Use the entries below and reproduce exactly the lines from the one containing "リフォームフェスタ開催!!!" down to the one containing "Роза красная 60", both of them included.

Supplied material
☆ ☆ ☆ ☆
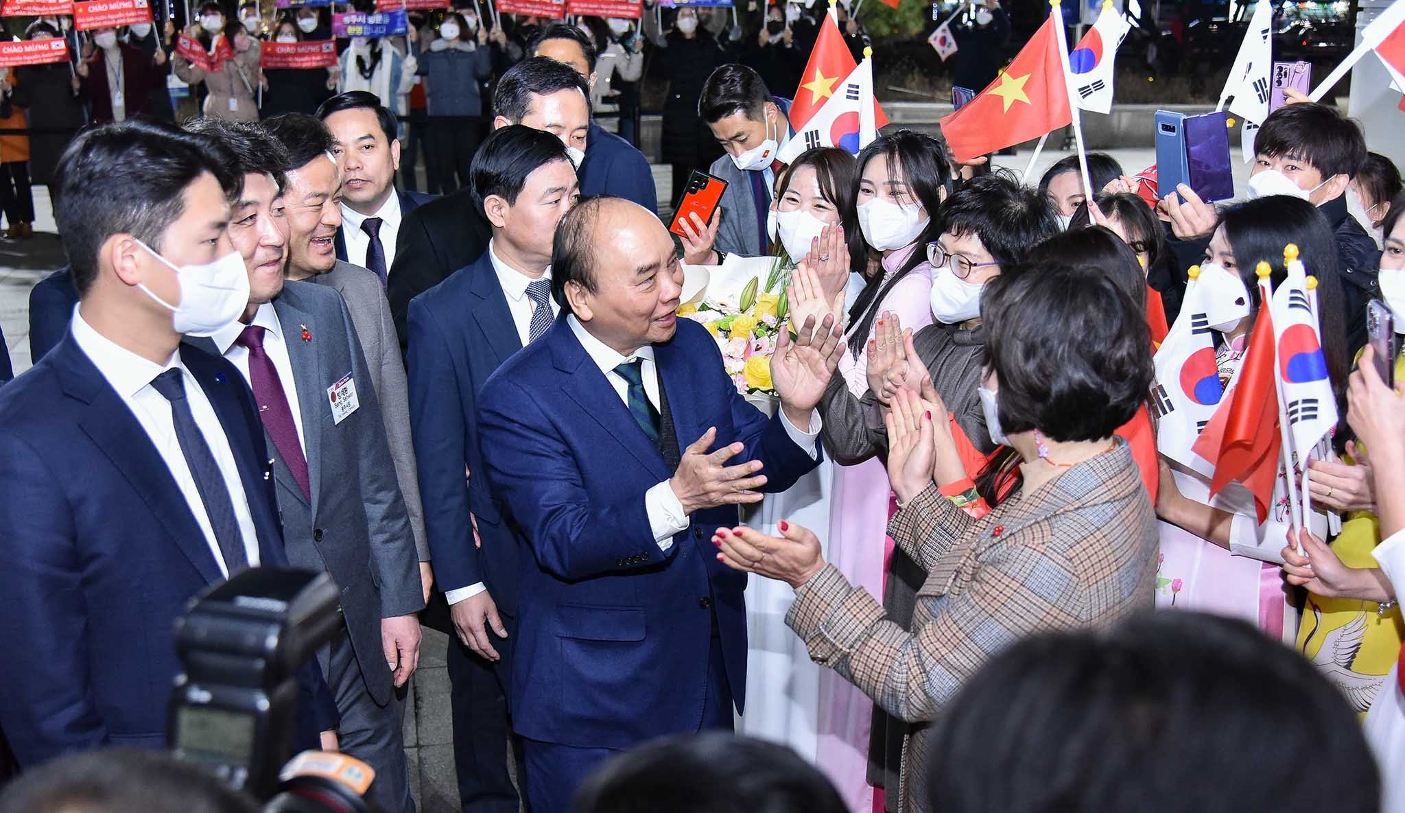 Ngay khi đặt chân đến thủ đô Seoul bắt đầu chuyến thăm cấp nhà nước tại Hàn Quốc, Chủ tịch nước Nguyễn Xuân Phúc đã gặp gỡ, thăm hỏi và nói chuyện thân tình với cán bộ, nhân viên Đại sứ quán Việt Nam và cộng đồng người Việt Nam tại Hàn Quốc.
☆ ☆ ☆ ☆
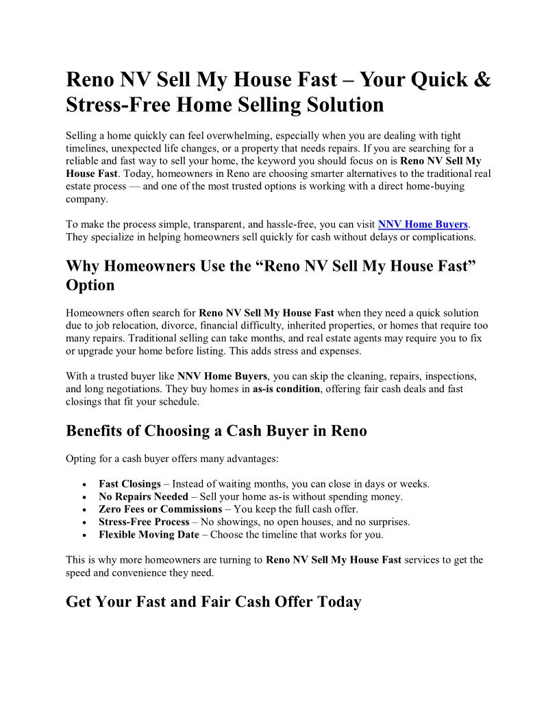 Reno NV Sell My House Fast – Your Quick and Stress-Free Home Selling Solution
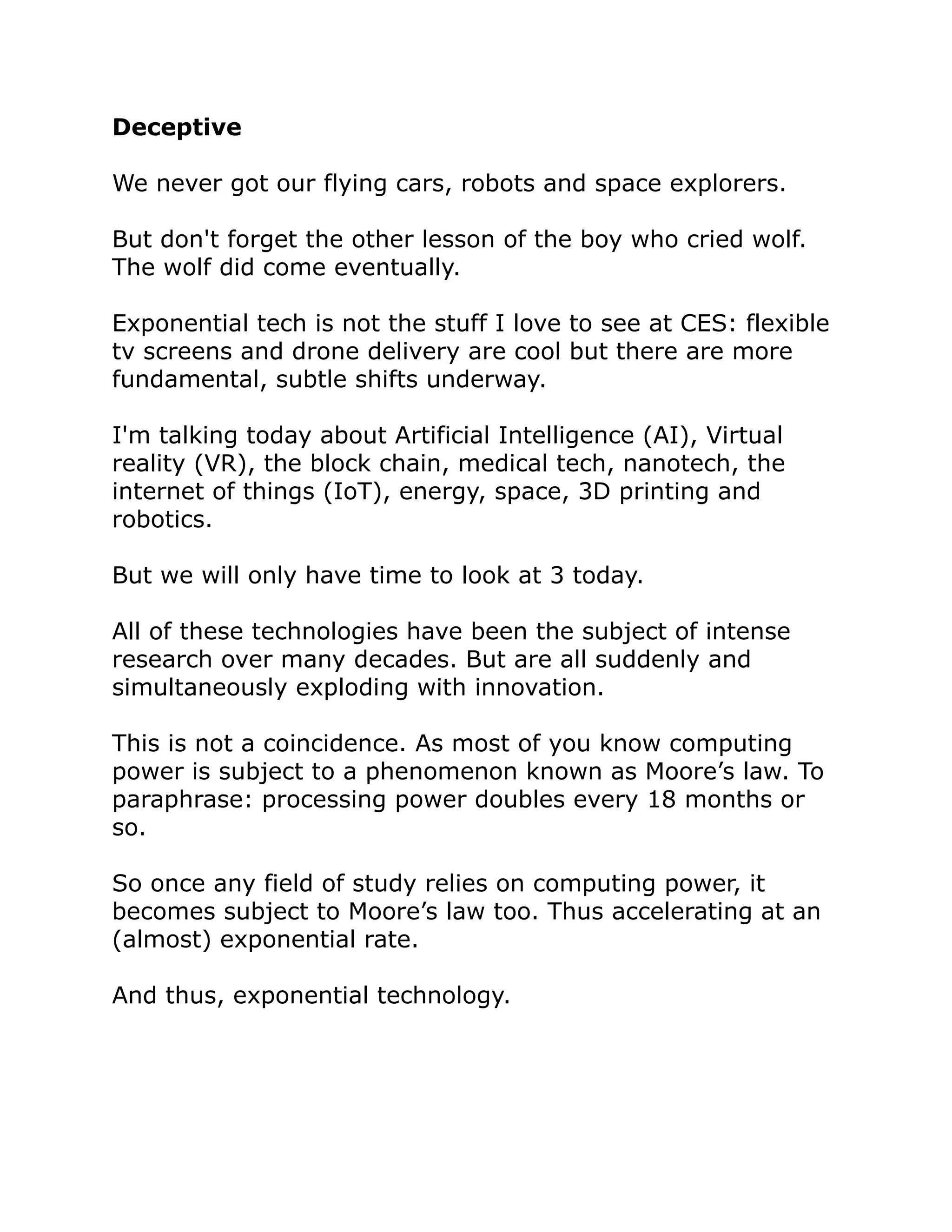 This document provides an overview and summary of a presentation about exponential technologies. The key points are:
☆ ☆ ☆ ☆
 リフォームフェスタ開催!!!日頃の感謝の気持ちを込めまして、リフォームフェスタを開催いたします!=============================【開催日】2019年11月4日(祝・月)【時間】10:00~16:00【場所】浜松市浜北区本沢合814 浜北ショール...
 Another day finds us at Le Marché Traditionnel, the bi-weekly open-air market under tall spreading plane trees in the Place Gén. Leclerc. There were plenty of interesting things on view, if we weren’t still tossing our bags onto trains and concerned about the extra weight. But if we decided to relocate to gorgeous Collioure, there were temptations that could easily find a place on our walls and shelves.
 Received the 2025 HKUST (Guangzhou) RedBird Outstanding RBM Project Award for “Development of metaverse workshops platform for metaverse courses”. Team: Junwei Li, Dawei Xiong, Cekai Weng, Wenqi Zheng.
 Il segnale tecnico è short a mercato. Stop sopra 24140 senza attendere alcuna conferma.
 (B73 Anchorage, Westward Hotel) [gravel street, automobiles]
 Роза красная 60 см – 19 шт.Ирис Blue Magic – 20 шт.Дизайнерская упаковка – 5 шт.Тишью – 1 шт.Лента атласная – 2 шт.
☆ ☆ ☆ ☆
Result of this exercise
 リフォームフェスタ開催!!!日頃の感謝の気持ちを込めまして、リフォームフェスタを開催いたします!=============================【開催日】2019年11月4日(祝・月)【時間】10:00~16:00【場所】浜松市浜北区本沢合814 浜北ショール...
 Another day finds us at Le Marché Traditionnel, the bi-weekly open-air market under tall spreading plane trees in the Place Gén. Leclerc. There were plenty of interesting things on view, if we weren’t still tossing our bags onto trains and concerned about the extra weight. But if we decided to relocate to gorgeous Collioure, there were temptations that could easily find a place on our walls and shelves.
 Received the 2025 HKUST (Guangzhou) RedBird Outstanding RBM Project Award for “Development of metaverse workshops platform for metaverse courses”. Team: Junwei Li, Dawei Xiong, Cekai Weng, Wenqi Zheng.
 Il segnale tecnico è short a mercato. Stop sopra 24140 senza attendere alcuna conferma.
 (B73 Anchorage, Westward Hotel) [gravel street, automobiles]
 Роза красная 60 см – 19 шт.Ирис Blue Magic – 20 шт.Дизайнерская упаковка – 5 шт.Тишью – 1 шт.Лента атласная – 2 шт.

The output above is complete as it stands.